* **INFORMATION GIVEN**:
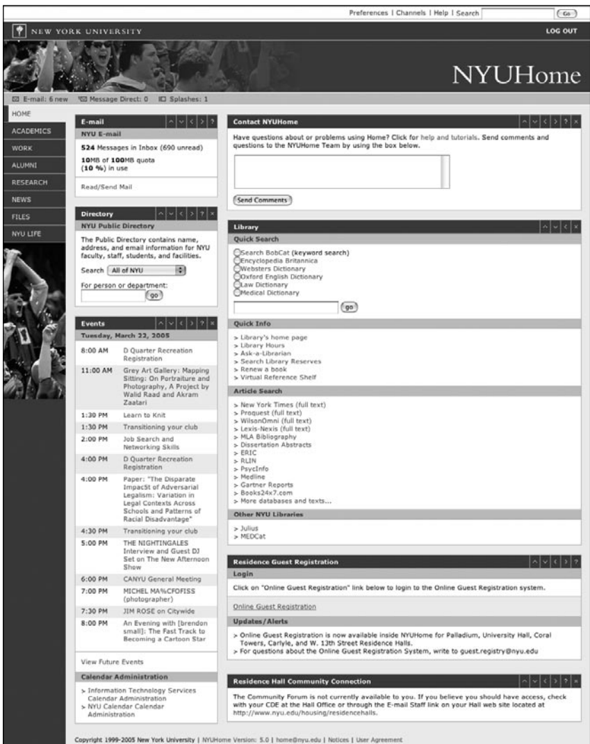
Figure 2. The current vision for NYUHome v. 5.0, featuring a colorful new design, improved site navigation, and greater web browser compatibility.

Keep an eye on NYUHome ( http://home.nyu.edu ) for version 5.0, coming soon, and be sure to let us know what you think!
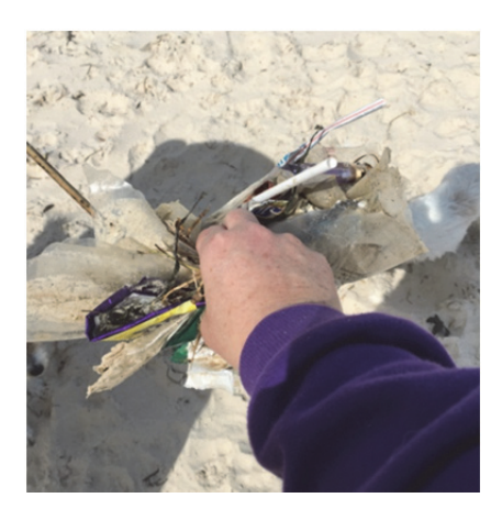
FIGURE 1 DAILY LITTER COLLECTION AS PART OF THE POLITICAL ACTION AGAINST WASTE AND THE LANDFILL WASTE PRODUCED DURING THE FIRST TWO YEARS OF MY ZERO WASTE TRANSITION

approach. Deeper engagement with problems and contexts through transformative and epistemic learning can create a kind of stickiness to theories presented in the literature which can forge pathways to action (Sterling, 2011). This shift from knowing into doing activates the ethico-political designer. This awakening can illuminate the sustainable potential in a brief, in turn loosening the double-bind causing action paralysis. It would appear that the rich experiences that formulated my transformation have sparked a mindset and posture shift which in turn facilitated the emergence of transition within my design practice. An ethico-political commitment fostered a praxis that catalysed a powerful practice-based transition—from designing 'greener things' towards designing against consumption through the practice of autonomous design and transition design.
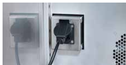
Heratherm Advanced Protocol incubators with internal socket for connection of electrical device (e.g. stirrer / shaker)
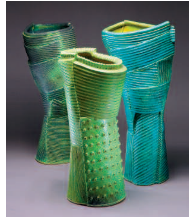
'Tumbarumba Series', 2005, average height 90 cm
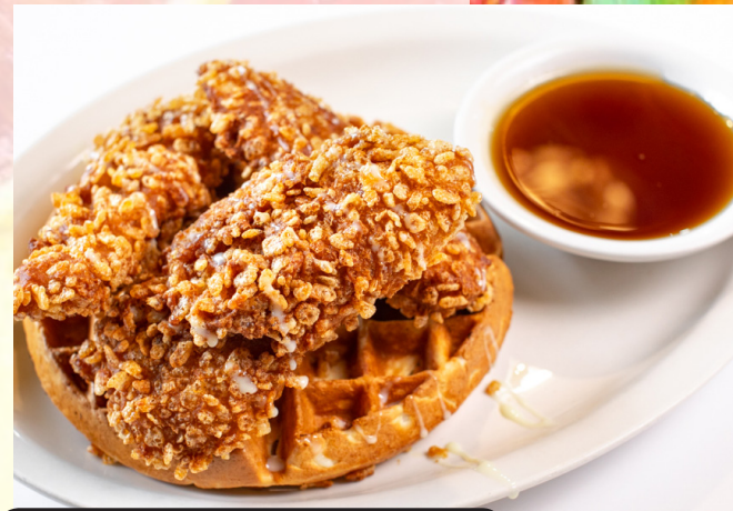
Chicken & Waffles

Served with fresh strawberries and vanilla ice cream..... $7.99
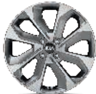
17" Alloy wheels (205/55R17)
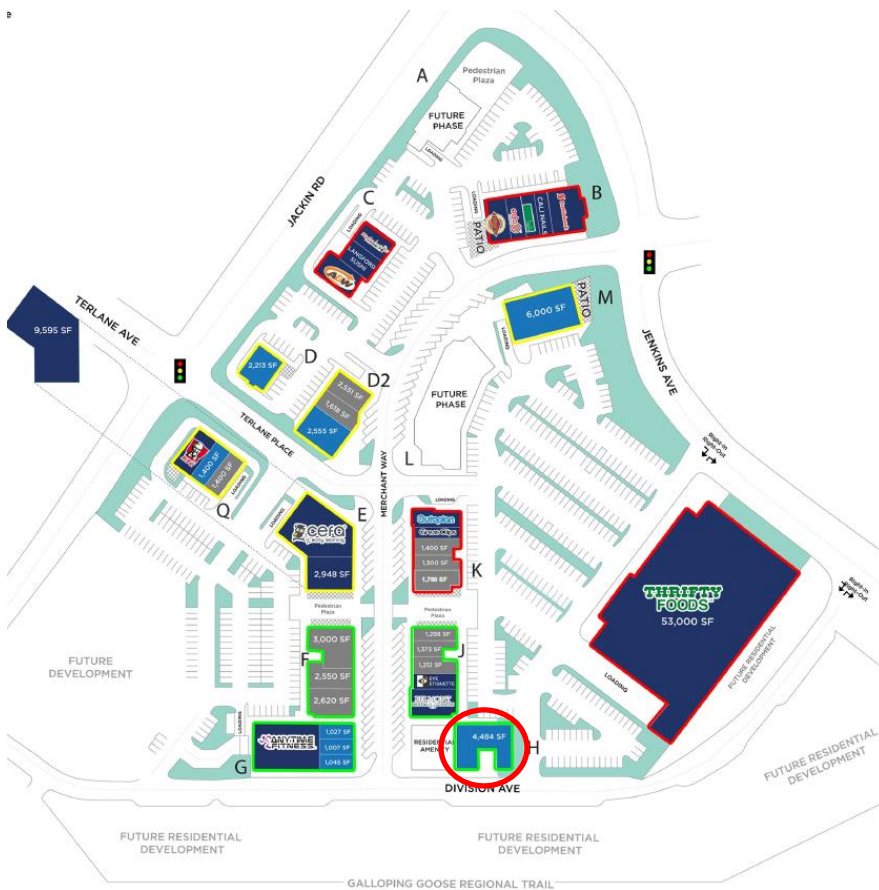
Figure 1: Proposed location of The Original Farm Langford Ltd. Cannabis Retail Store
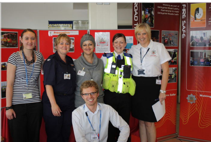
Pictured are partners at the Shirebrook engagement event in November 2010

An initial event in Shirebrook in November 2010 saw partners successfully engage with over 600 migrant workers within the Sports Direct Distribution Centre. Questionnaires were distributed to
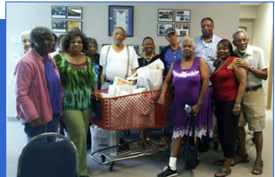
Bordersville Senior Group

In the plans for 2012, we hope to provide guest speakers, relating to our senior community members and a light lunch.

* **THE TASK**: The copy must match the listing above exactly, except that it holds no pictures.

* **ANSWER TO THIS EXERCISE**:
Figure 2. The current vision for NYUHome v. 5.0, featuring a colorful new design, improved site navigation, and greater web browser compatibility.

Keep an eye on NYUHome ( http://home.nyu.edu ) for version 5.0, coming soon, and be sure to let us know what you think!
FIGURE 1 DAILY LITTER COLLECTION AS PART OF THE POLITICAL ACTION AGAINST WASTE AND THE LANDFILL WASTE PRODUCED DURING THE FIRST TWO YEARS OF MY ZERO WASTE TRANSITION

approach. Deeper engagement with problems and contexts through transformative and epistemic learning can create a kind of stickiness to theories presented in the literature which can forge pathways to action (Sterling, 2011). This shift from knowing into doing activates the ethico-political designer. This awakening can illuminate the sustainable potential in a brief, in turn loosening the double-bind causing action paralysis. It would appear that the rich experiences that formulated my transformation have sparked a mindset and posture shift which in turn facilitated the emergence of transition within my design practice. An ethico-political commitment fostered a praxis that catalysed a powerful practice-based transition—from designing 'greener things' towards designing against consumption through the practice of autonomous design and transition design.
Heratherm Advanced Protocol incubators with internal socket for connection of electrical device (e.g. stirrer / shaker)
'Tumbarumba Series', 2005, average height 90 cm
Chicken & Waffles

Served with fresh strawberries and vanilla ice cream..... $7.99
17" Alloy wheels (205/55R17)
Figure 1: Proposed location of The Original Farm Langford Ltd. Cannabis Retail Store
Pictured are partners at the Shirebrook engagement event in November 2010

An initial event in Shirebrook in November 2010 saw partners successfully engage with over 600 migrant workers within the Sports Direct Distribution Centre. Questionnaires were distributed to
Bordersville Senior Group

In the plans for 2012, we hope to provide guest speakers, relating to our senior community members and a light lunch.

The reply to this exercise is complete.